Former Food and Drug Administration medical reviewer Dr. Frances Oldham Kelsey, whose dogged refusal to approve the application for the drug thalidomide is credited for averting death and birth defects for thousands of babies, has died at the age of 101, according to reports.
Kelsey, born in Vancouver, British Columbia, in 1914, began her work at the FDA in 1960 as a medical officer assigned to review new drug applications. She was assigned during her first month on the job to review a new prescription sleeping medication that had already been widely used in Europe and several other countries.

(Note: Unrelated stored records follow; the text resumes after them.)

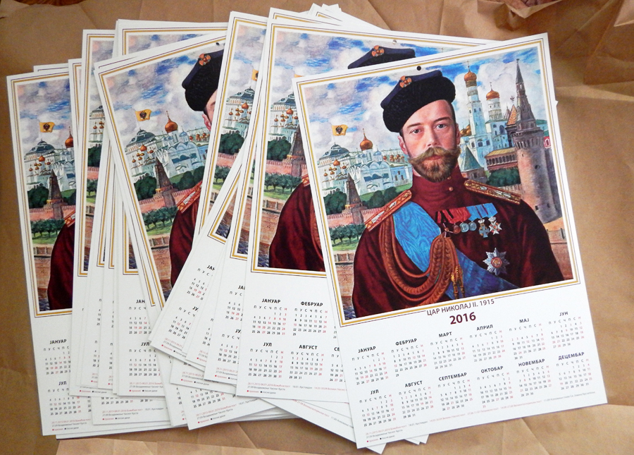 Иначе, зидни календар за 2016. годину са портретом цара Николаја II Романова појавио се у продаји почетком септембра, а портрет Цара Николаја који је на њему је 1915. године насликао познати руски уметник Борис Михајловић Кустодиев (1878-1927). Борис Кустодиев, представник руске интелигенције и поштовалац Свете Царске Породице, није могао остати равнодушан пред светом личношћу Цара. Ово уметничко дело је дубоко психолошко, грађено готово иконографски. Посебан акценат се ставља на боју царске униформе-пурпурну. Уметник је предосећао скоро мученичко страдање Царске Породице. Лик цара је смештен око зидина Кремља-симбола земаљске Русије која је неодвојива од свете, небеске, Русије и показује колику је љубав имао руски народ према своме Цару.
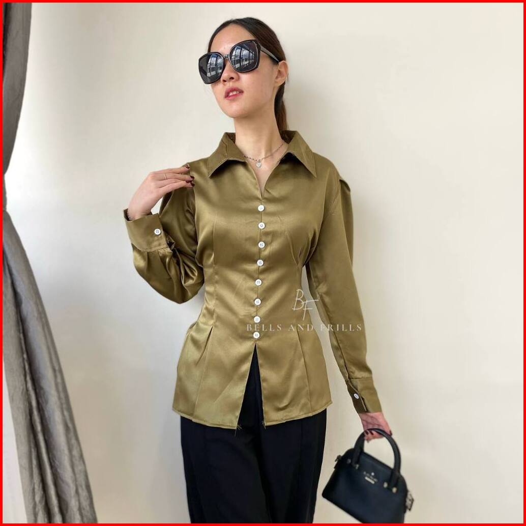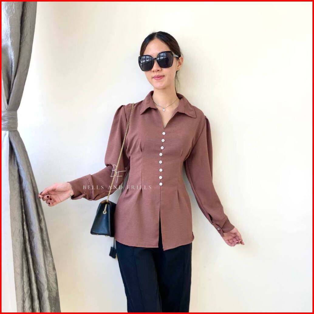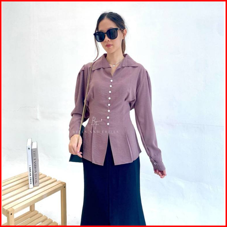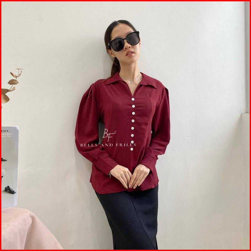 Zia Blouse Crinkle Atasan Long Sleeve V Neck Crincle Airflow Atasan Wanita Kemeja Korean Lengan Puff Panjang 0464
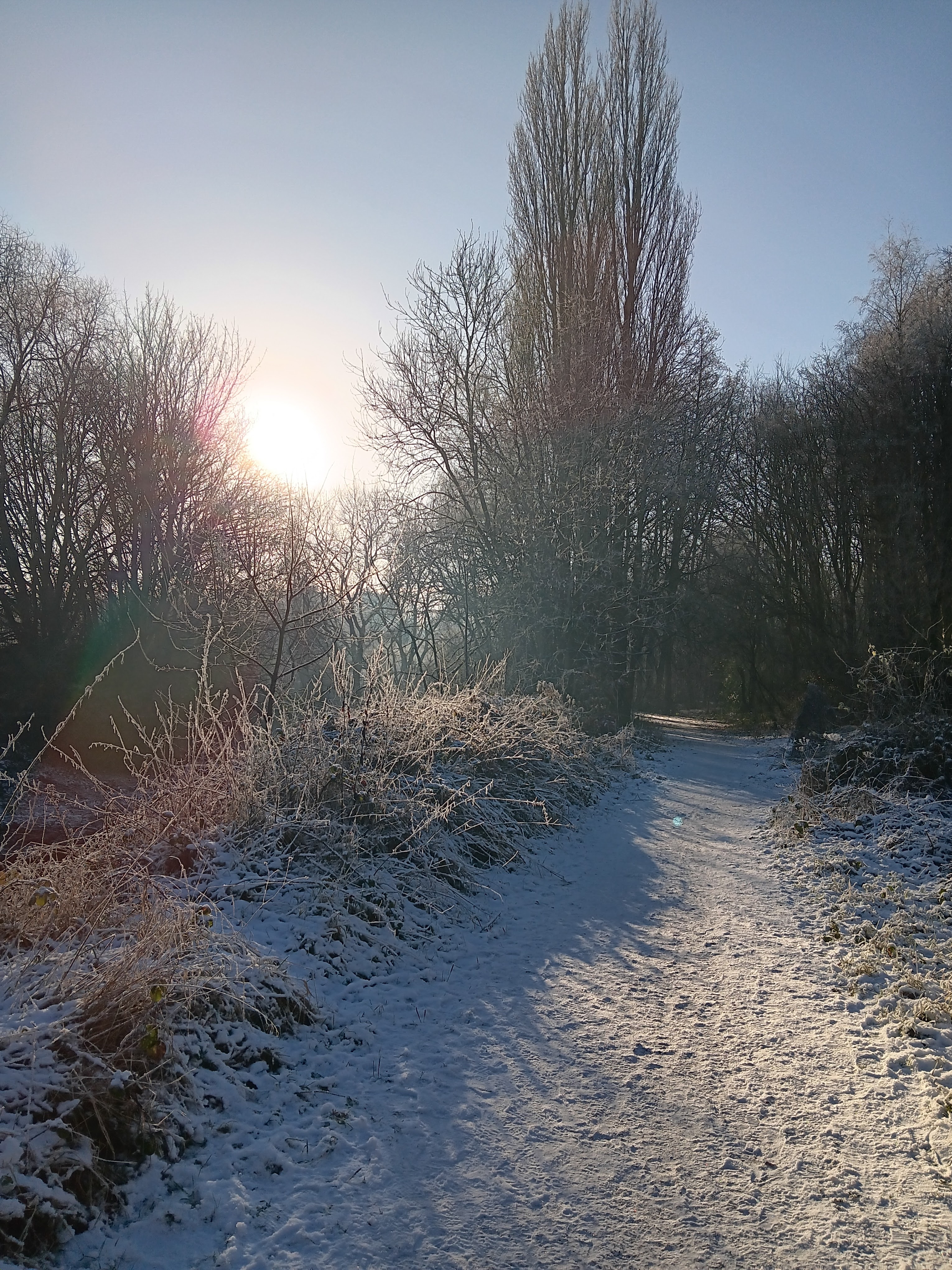 On Friday morning, it felt colder than ever. The canal was still frozen over and it could have been a day to stay at home. But the sky was clear and the sun was doing its best to bring warmth and light. So I took a break at lunchtime, wrapped up in as many layers as I could wear and still move, and headed out for a walk in the woods – just ten minutes from our front door. Of all the places to escape for a lunchtime walk, this is my favourite – especially when the sun is reflecting on the snow and the shadows are dancing between the trees.
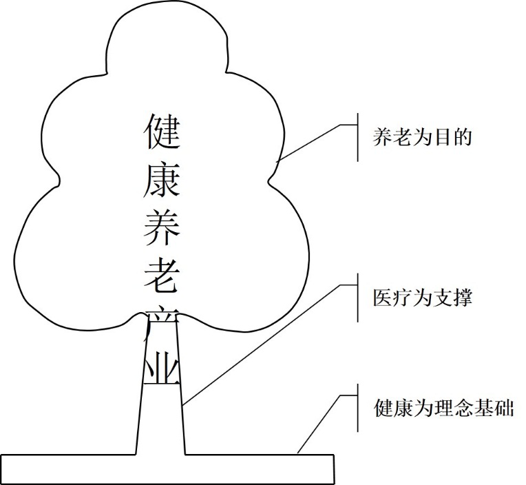 图1.1 健康养老产业“健康+医疗+养老”三位一体架构图

The drug, thalidomide, was developed by German-based pharmaceutical firm Chemie Grunenthal and was being sold by the late 1950s as a treatment for morning sickness in pregnant women.
Thalidomide became Kelsey's first assignment, according to a biography posted by the National Institutes of Health. Kelsey was concerned by the lack of data demonstrating safety. Upon investigation, she discovered the drug was linked with dangerous birth defects that the U.S. drugmaker seeking approval did not list in its application.
By 1961 reports of the birth defects related to the use of thalidomide spread worldwide, but by then at least 4,000 children in Europe had been affected. By contrast, a total of 17 children were born in the U.S. with health problems associated with use of thalidomide.
In 1962, President John Kennedy recognized Kelsey with the President's Award for Distinguished Federal Civilian Service, the highest honor given to a civilian, for her work. He cited her for preventing a, “major tragedy of birth deformities in the United States.”
Kelsey was head of the FDA's Division of Scientific Investigation by the time she left the agency in 1995 and is recognized for helping shape the regulatory review process for drugs and medical devices.
Kelsey was inducted into the National Women's Hall of Fame in 2000 and was the first recipient of the Dr. Frances O. Kelsey Award for Excellence and Courage in Protecting Public Health in 2010 by then-FDA Commissioner Dr. Margaret Hamburg.
“She applied her knowledge and intellect to the tasks before her,” Hamburg said during the award ceremony honoring Kelsey. “There is no doubt she saved lives and saved many thousand individuals and their families from devastating damage.”